I pray, as we reflect on Lent and the stories around this season, that we may find a sense of peace and the promise of God’s healing and presence with us.  Amen.

 

– Reverend Canon Wendy Sanders

 

Easter Sunday, April 4

Psalms:  113, 114, 118

Old Testament:  Exodus 12:1-14

Epistle:  Isaiah 51:9-11

Gospel:  John 1:1-18

“Therefore the redeemed of the Lord shall return, and come with singing unto Zion; and everlasting joy shall be upon their head: they shall obtain gladness and joy; and sorrow and mourning shall flee away.”  (Isaiah 51:11, KJV)

 

When I was a teenager, my parents took me to Duquesne University in Pittsburgh, PA.  At that time, a great spiritual awakening was sweeping across America.  People from a wide variety of religious backgrounds were joining together to worship God, just like the thousands of us who were gathering at Duquesne that week.  One of the things we did together was sing, and one of the songs we sang contained the last few verses from Isaiah designated for today:

 

“Therefore the redeemed of the Lord shall return

And come with singing unto Zion;

And everlasting joy shall be upon their head.
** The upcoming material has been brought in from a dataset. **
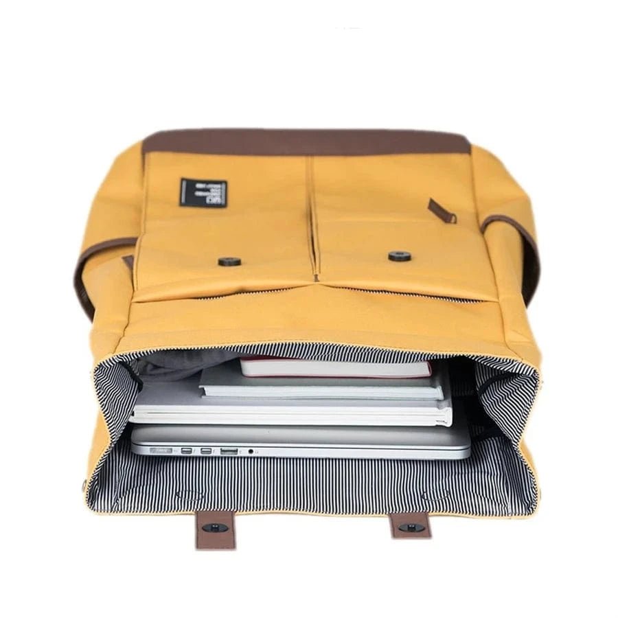 Upptäck en elegant och praktisk ryggsäck för kvinnor med plats för laptop – perfekt för både vardag och arbete. Med sin stilrena design i senapsgult och bruna detaljer blir den snabbt en favorit i garderoben. Det rymliga huvudfacket har plats för en laptop upp till 15,6 tum, med extra fack för laddare, mobil och andra tillhörigheter. De vadderade axelremmarna och bärhandtaget ger hög komfort. Tillverkad i slitstark canvas med vattenavvisande botten – en perfekt kombination av stil och funktionalitet för kvinnor på språng.
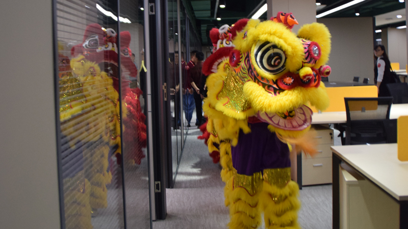 最后的舞獅表演給本次揭牌儀式暨喬遷慶典劃上圓滿(mǎn)句號(hào),到場(chǎng)嘉賓隨后自由參觀新美創(chuàng)意大廈,三五成群,高談嬉笑。

They shall obtain gladness and joy;

And sorrow and mourning shall flee away.”

 

We sang wholeheartedly and without reserve, and did indeed “obtain gladness and joy.”  The air was so thick with joy that sorrow and mourning could not help but flee away.  But it was not an “everlasting joy.”  I had absolutely no idea what was coming.

 

 Maybe I still don’t.

 

Only, maybe now it’s in reverse.  In that moment of such great joy so many years ago that I remember it keenly still, I had no idea how much sorrow lay ahead.  In my youthful ignorance and naïveté, I wouldn’t have thought it possible.  Now, in this moment, where there can be so much sorrow that it is sometimes hard to see beyond it, perhaps I have no idea how great will be the joy and gladness that are still to come.  Perhaps now it is the ignorance and naïveté born of increasing years that threaten to blind me – blind me to the full extent that healing, redemption, restoration, reconciliation, and, yes, a joy so great it chases all sorrow and sighing away, are possible for us… are still possible for me.

 

That is the promise of Easter, my dear and beloved friends.  It is made tangible in the resurrection of Jesus, who, even in the face of death, never stopped believing in resurrection.  We may not have any idea what is possible, but God does.  And so on this Easter day 2021, I choose to believe in a future of joy beyond imagining as well.  I believe you can, too.  Amen.